Start of SOURCE DATA
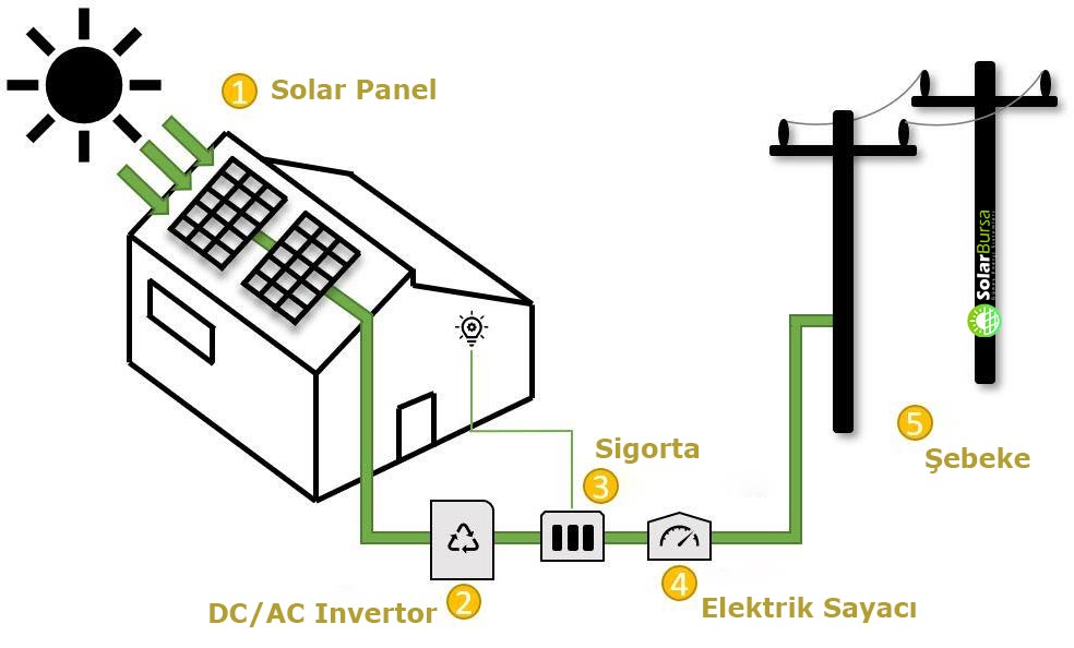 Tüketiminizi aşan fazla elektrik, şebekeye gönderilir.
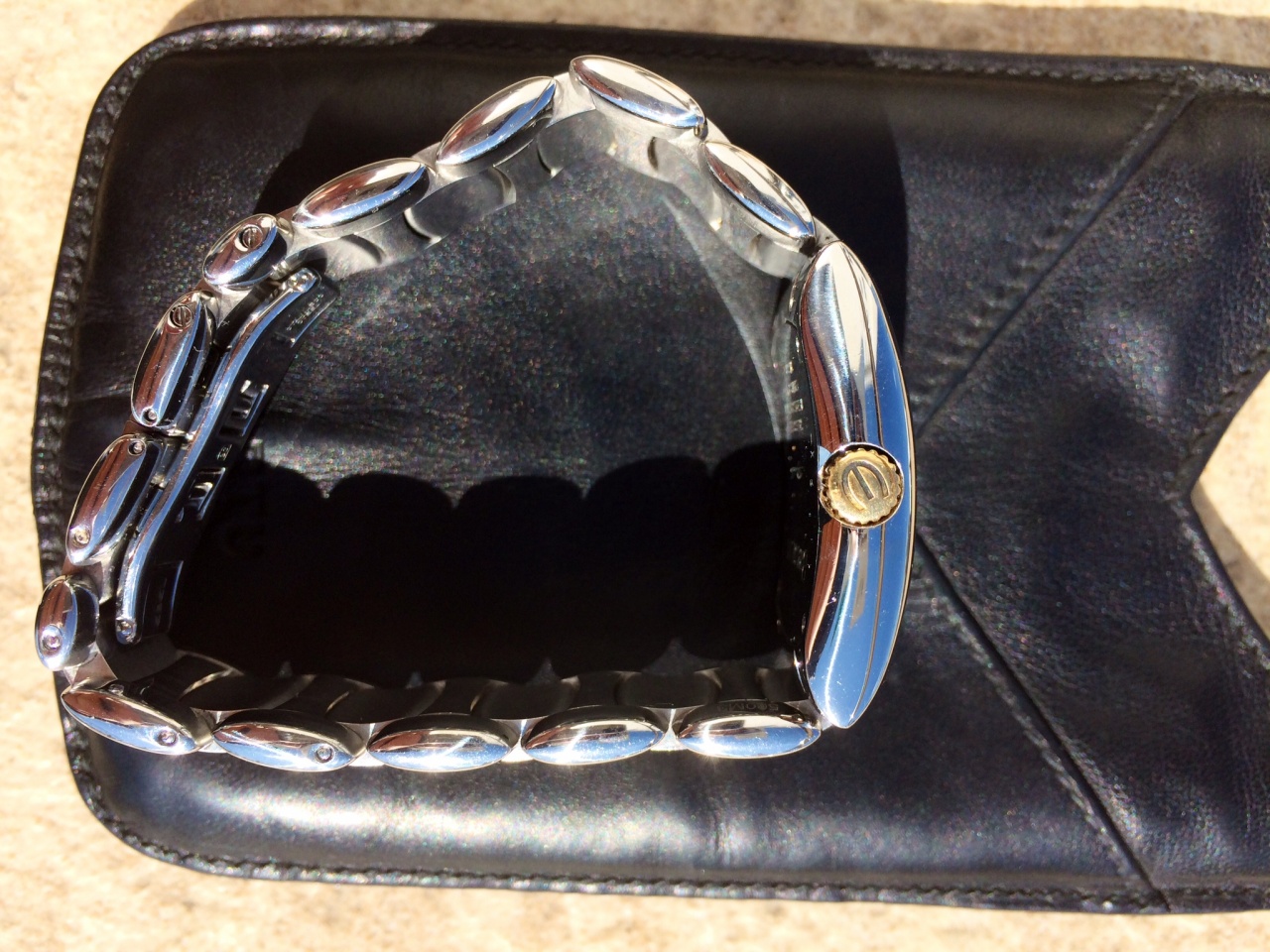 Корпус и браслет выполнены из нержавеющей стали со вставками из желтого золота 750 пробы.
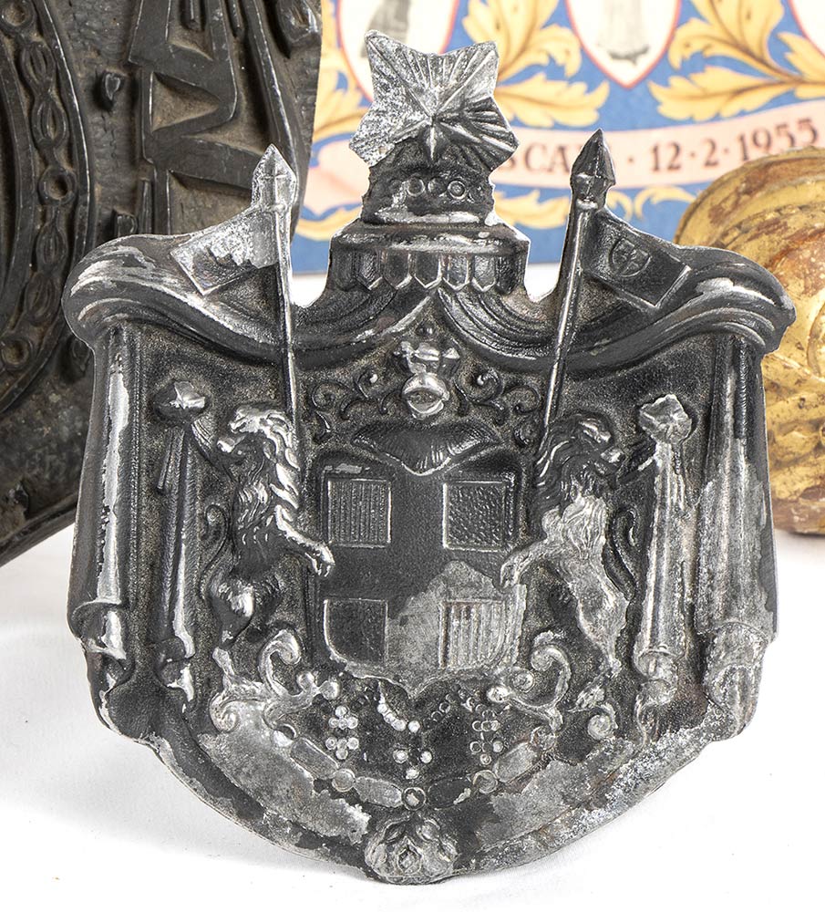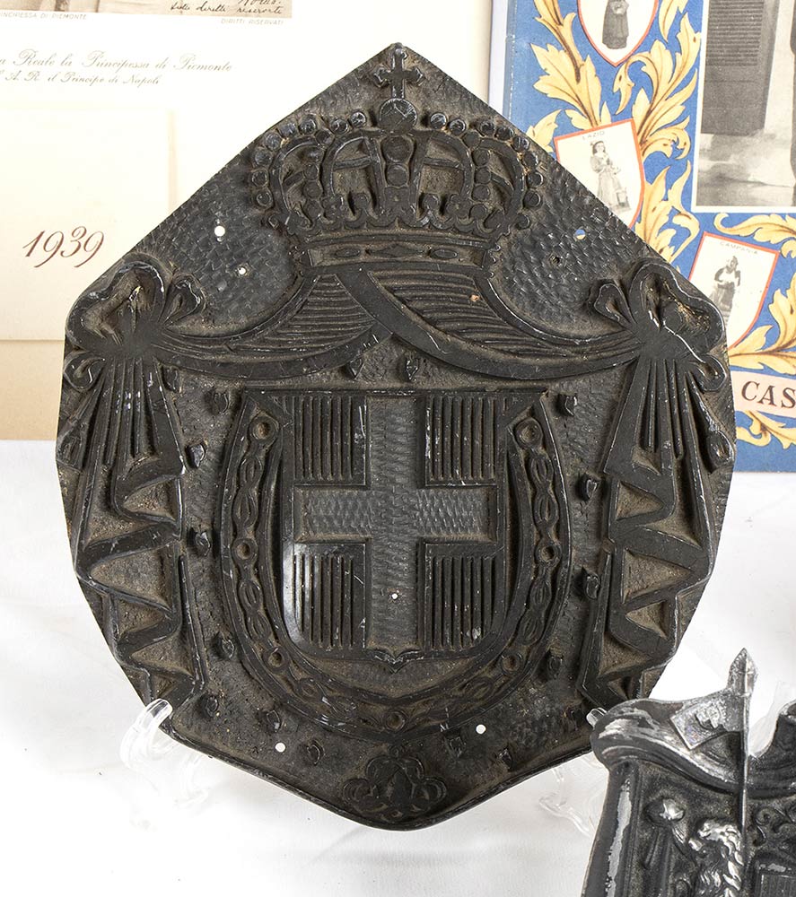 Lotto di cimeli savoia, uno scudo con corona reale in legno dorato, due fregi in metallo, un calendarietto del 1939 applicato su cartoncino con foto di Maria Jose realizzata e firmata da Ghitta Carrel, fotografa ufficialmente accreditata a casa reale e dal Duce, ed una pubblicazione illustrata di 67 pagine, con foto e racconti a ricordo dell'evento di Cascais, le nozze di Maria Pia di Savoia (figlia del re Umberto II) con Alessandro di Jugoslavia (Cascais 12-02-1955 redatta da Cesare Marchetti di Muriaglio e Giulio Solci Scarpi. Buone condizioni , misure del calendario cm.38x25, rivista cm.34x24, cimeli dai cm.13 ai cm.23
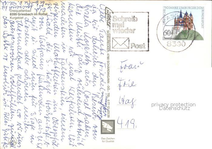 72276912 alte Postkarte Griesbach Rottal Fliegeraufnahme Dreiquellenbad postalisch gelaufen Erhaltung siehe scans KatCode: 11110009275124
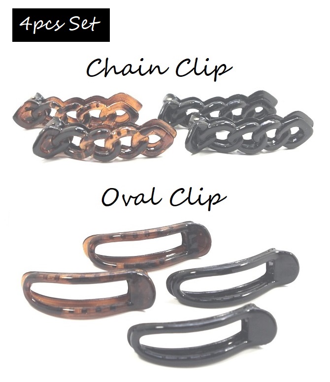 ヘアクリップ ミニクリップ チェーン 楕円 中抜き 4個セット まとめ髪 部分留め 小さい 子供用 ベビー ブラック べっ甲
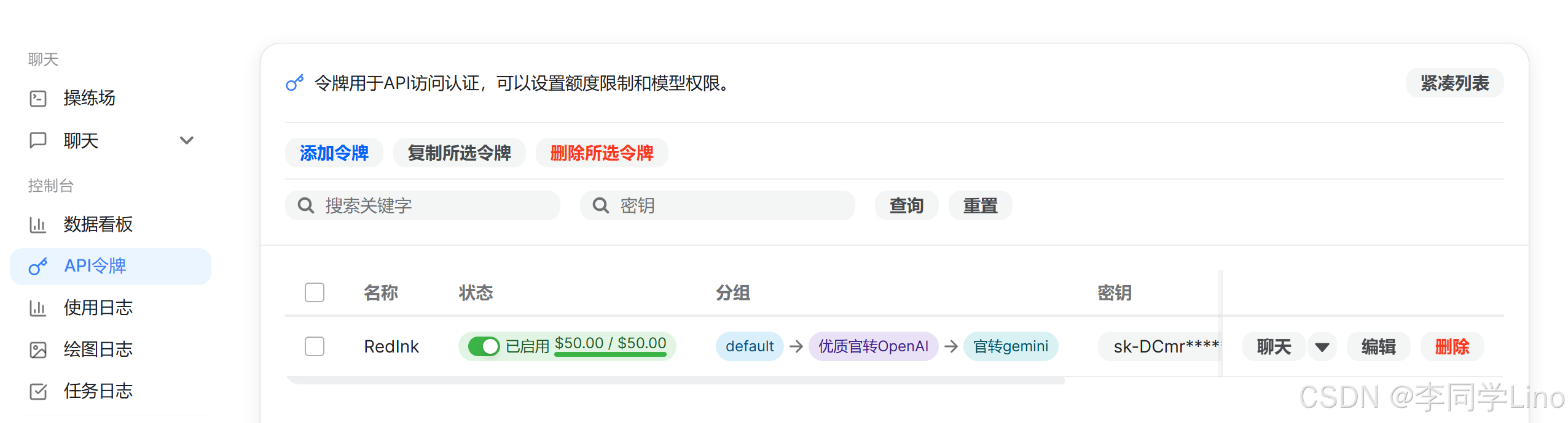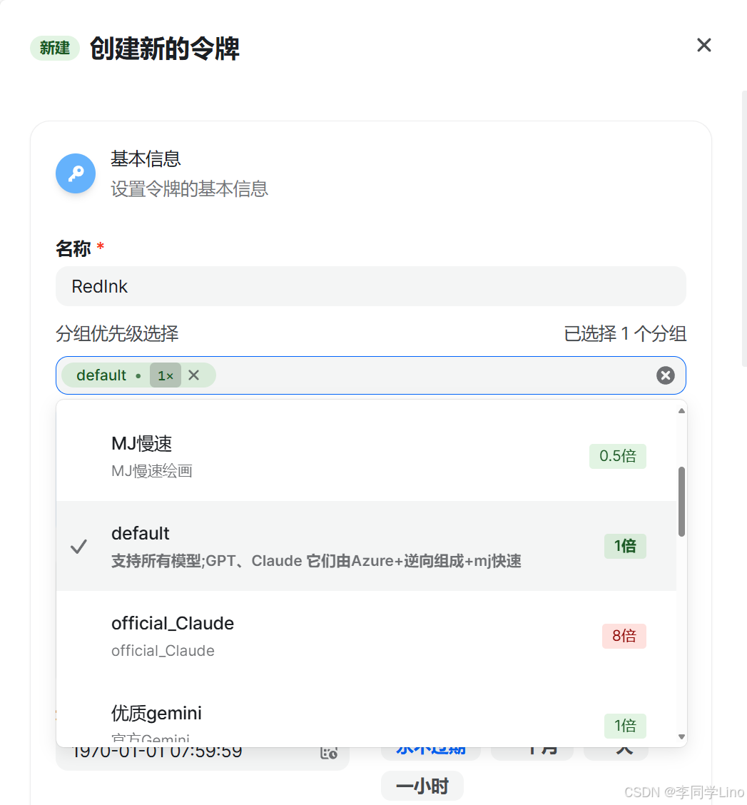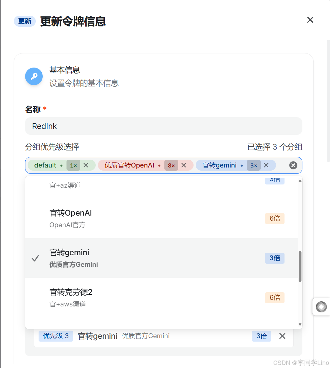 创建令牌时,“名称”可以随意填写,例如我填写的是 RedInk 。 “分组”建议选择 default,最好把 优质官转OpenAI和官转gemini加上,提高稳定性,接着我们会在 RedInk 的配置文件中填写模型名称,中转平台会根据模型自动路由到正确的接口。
End of SOURCE DATA
# [DIRECTIONS FOR THIS TASK]
Every line from the one holding "72276912 alte Postkarte" through the end of the records above must be reproduced verbatim, pictures excepted.

# [PROBLEM SOLUTION]
 72276912 alte Postkarte Griesbach Rottal Fliegeraufnahme Dreiquellenbad postalisch gelaufen Erhaltung siehe scans KatCode: 11110009275124
 ヘアクリップ ミニクリップ チェーン 楕円 中抜き 4個セット まとめ髪 部分留め 小さい 子供用 ベビー ブラック べっ甲
 创建令牌时,“名称”可以随意填写,例如我填写的是 RedInk 。 “分组”建议选择 default,最好把 优质官转OpenAI和官转gemini加上,提高稳定性,接着我们会在 RedInk 的配置文件中填写模型名称,中转平台会根据模型自动路由到正确的接口。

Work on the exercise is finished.